Some of this is PR, marketing by publishers and game companies that know that they have a franchise or a hit on their hands, but more often than not, the hype around games comes from gamers themselves, either those willing to rabidly follow its progress knowing that a release will not come anytime soon, or those who put up fan sites to spread and disseminate the word that the "next great thing" is coming. And unlike traditional consumer markets, there is little marketing driving this hype. Sure, journals, interviews, and screenshot releases are all part of a large marketing scheme, but in the end, it's the users who decide whether or not the hype is something that will succeed or fail. Lately, we have begun to see more and more traditional marketing interrupt this process, through television commercials and poster ads. But for the years between a game's announcement and its release, the hype is still almost entirely user driven.

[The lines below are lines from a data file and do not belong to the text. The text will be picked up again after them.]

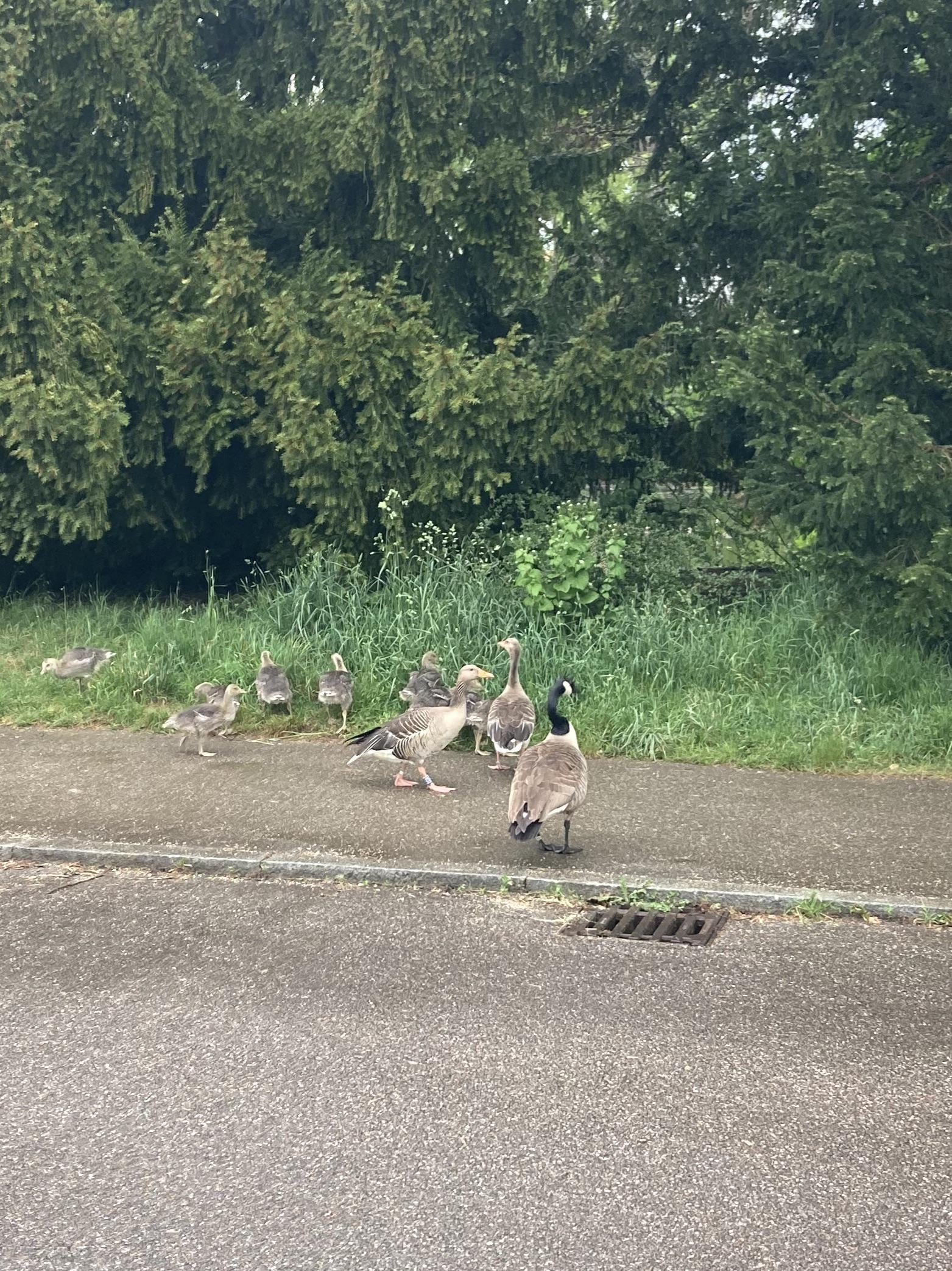 Teilweise chillen die Nilgänse auch woanders und die Zuchtgänse passen solange auf den Nachwuchs der Nilgänse auf. Das geht sogar soweit, dass die Zuchtgänse alleine mit den Nilgansjungen schwimmen gehen, mit ihnen kuscheln und sie unter ihre Flügel nehmen, während die Nilganseltern irgendwo grasen. Der Ganter und das Weibchen der Zuchtgänse reagieren sogar viel aggressiver auf etwaige Gefahren und Eindringlinge als die eigentlichen Eltern. Das Hausgansmännchen lässt keinen auch nur in die Nähe der Küken, während die Nilganseltern total gechillt sind und es dulden, dass Menschen bis auf 1m ran kommen und Fotos machen. Das fand ich sehr faszinierend.
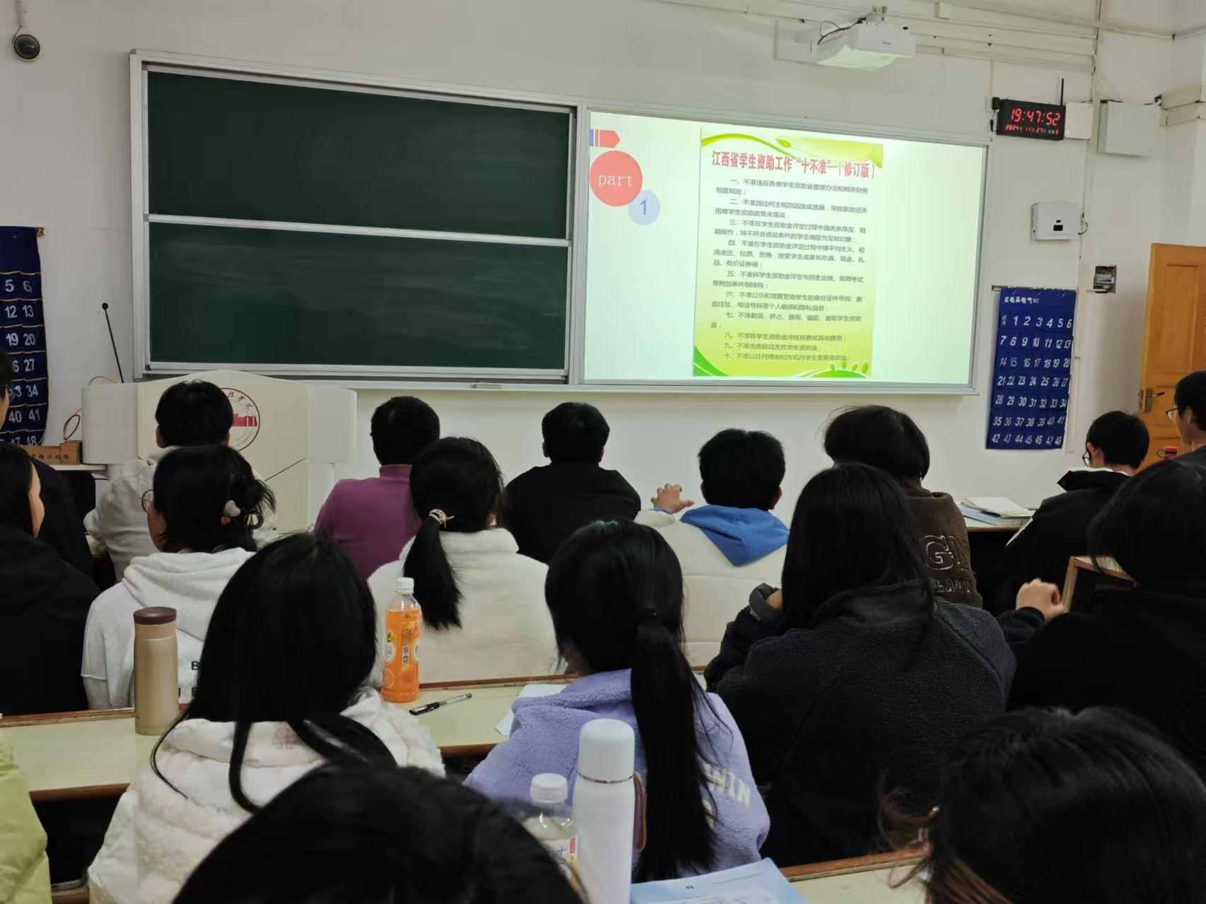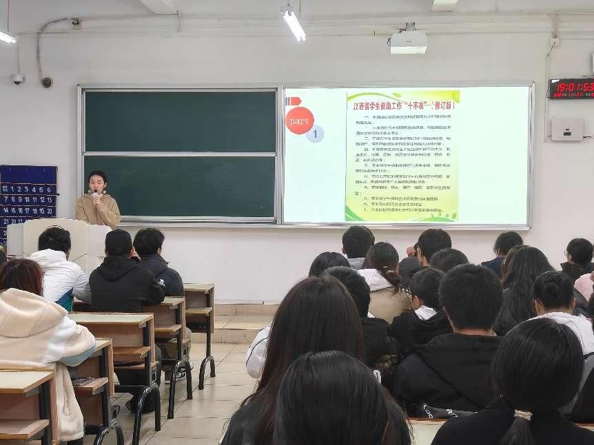 辅导员通过班会的形式组织各班开展了“十不准”学习,向同学们进一步解读了江西省学生资助工作“十不准”和相关国家资助政策,解答同学们的疑问,有效提升了资助政策的知晓率。
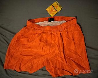 Costume da Mare marca SantoStefano in pura Seta 100% con trattamento sand-washed silk. Pantaloncini da bagno da uomo da uomo nuovi, mai indossati ancora con cartellino. Colore arancione acceso con effetto lucido.
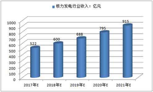 预计2017年我国核力发电行业收入将达到522亿元,未来五年(2017-2021)年均复合增长率约为15.05%,2021年收入将达到915亿元。

Of course, with some things, the hype and anticipation builds to such a point that the real product no longer has a chance of living up to the projected image of how the game should be played. Developer journals are one thing, reality is a different beast altogether. Given time and an imagination, something most gamers have, one can envision the perfect game for himself, based on the tidbits that a developer leaves behind. Unfortunately, unless that person is very, very lucky, the real product will almost always be different, and in the eyes of that gamer, lacking. Hype becomes a great blessing that ensures a gaming audience for a developer. But it also means that the bar has been raised, and that the developer now faces a large hurdle to overcome the expectations of their audience. Sometimes, it works and you get a Halo or a Baldur's Gate II. Other times however, you get Daikatana. More often than not, the game that eventually comes out falls somewhere in the middle of that spectrum, a good game, but just not good enough to fulfill every aspect of a gamer's ideal fantasy.
But the idea of this series is not about hype, it's about fun, the kick we get from playing games that keeps us on the edge of our seats, even if we are not able to play it for months, perhaps years. We may wait a couple of months for a new piece of computer equipment, or a new electronic gizmo we've been reading about in the press releases. But rarely do we allow ourselves to be sucked into a product as much so as a game. Traditional consumer product manufacturers would kill to get the amount of devotion from their user base that game companies get from their fans. Clearly, there is something that we see in a game that we don't see in the newest chipset or graphics card. Ask anyone the main reason why they seem to be anticipating the next new thing, and more likely than not, the answer will always boil down to the same basic answer.
It sounds fun.
One thing that games do have over other products however, is that each game is either original, or has some new twist that hasn't been done yet. The games that get the most hype and anticipation fall into this category. More often than not, it doesn't pan out and what ends up as something "cool" ends up a "gimmick", leaving disappointed fans in its wake. And yet, even though we've all been burned before, we still come back for more, hoping that this new game will fulfill our expectations. It is the thrill of something new, something different, an escape from the mechanics that have become overused in today's current games that brings us back. In the end, we all want something different, and when a game promises to break the mold and deliver something that is truly groundbreaking, it will pique the interest of many people, and the process of hype and anticipation will have begun.
And that's reason one why we find a game fun. A television set will always be a television set. A graphics card, no matter how much you change the transistor set up or processing power, will always have the same purpose. Games however, posses that flexibility, that elasticity to stretch the boundaries of what we expect. Gamers thrive on doing different things, and therefore become a perfect audience for medium that is ever changing. Games we played twenty years ago are radically different from games we play today, and the same will be true again twenty years from now. And so we wait, for that next great thing, that one game that will fill our hours, because we know that even though we risk being disappointed, that we also have the chance to be part of something that changed the rules, which broke down the boundaries and gave us that thrill of doing something that we haven't done before. We hope that it will be fun.